» PROBLEM DESCRIPTION
Would you reproduce the whole listing exactly, minus its images?

» EXERCISE DATA
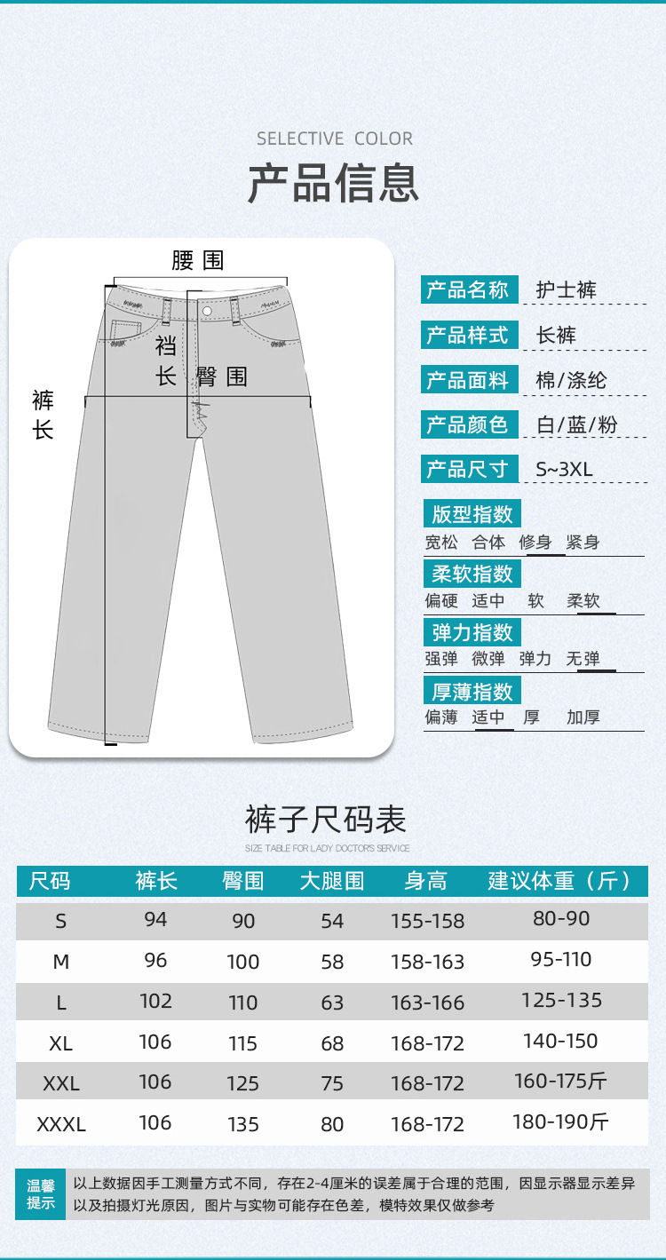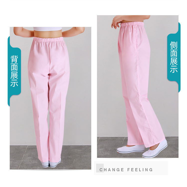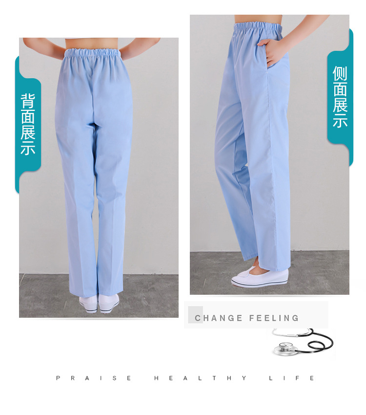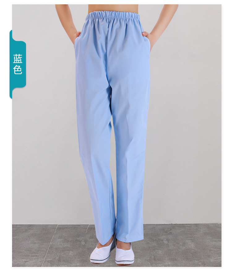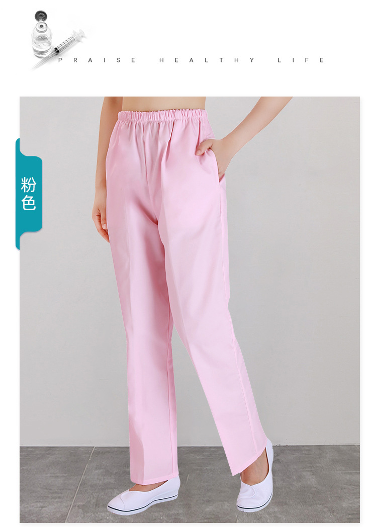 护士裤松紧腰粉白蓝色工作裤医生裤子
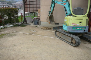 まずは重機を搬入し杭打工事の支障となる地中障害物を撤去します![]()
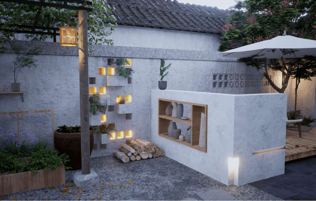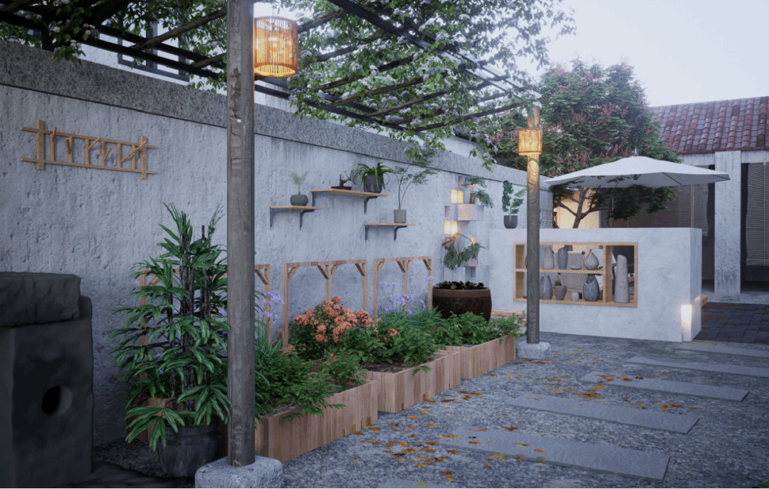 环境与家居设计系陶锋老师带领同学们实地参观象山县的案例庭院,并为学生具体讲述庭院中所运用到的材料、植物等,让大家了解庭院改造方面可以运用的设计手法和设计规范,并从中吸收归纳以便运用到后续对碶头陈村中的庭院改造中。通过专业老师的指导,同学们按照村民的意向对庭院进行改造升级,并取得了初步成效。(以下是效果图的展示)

» EXERCISE ANSWER
 护士裤松紧腰粉白蓝色工作裤医生裤子
 まずは重機を搬入し杭打工事の支障となる地中障害物を撤去します![]()
 环境与家居设计系陶锋老师带领同学们实地参观象山县的案例庭院,并为学生具体讲述庭院中所运用到的材料、植物等,让大家了解庭院改造方面可以运用的设计手法和设计规范,并从中吸收归纳以便运用到后续对碶头陈村中的庭院改造中。通过专业老师的指导,同学们按照村民的意向对庭院进行改造升级,并取得了初步成效。(以下是效果图的展示)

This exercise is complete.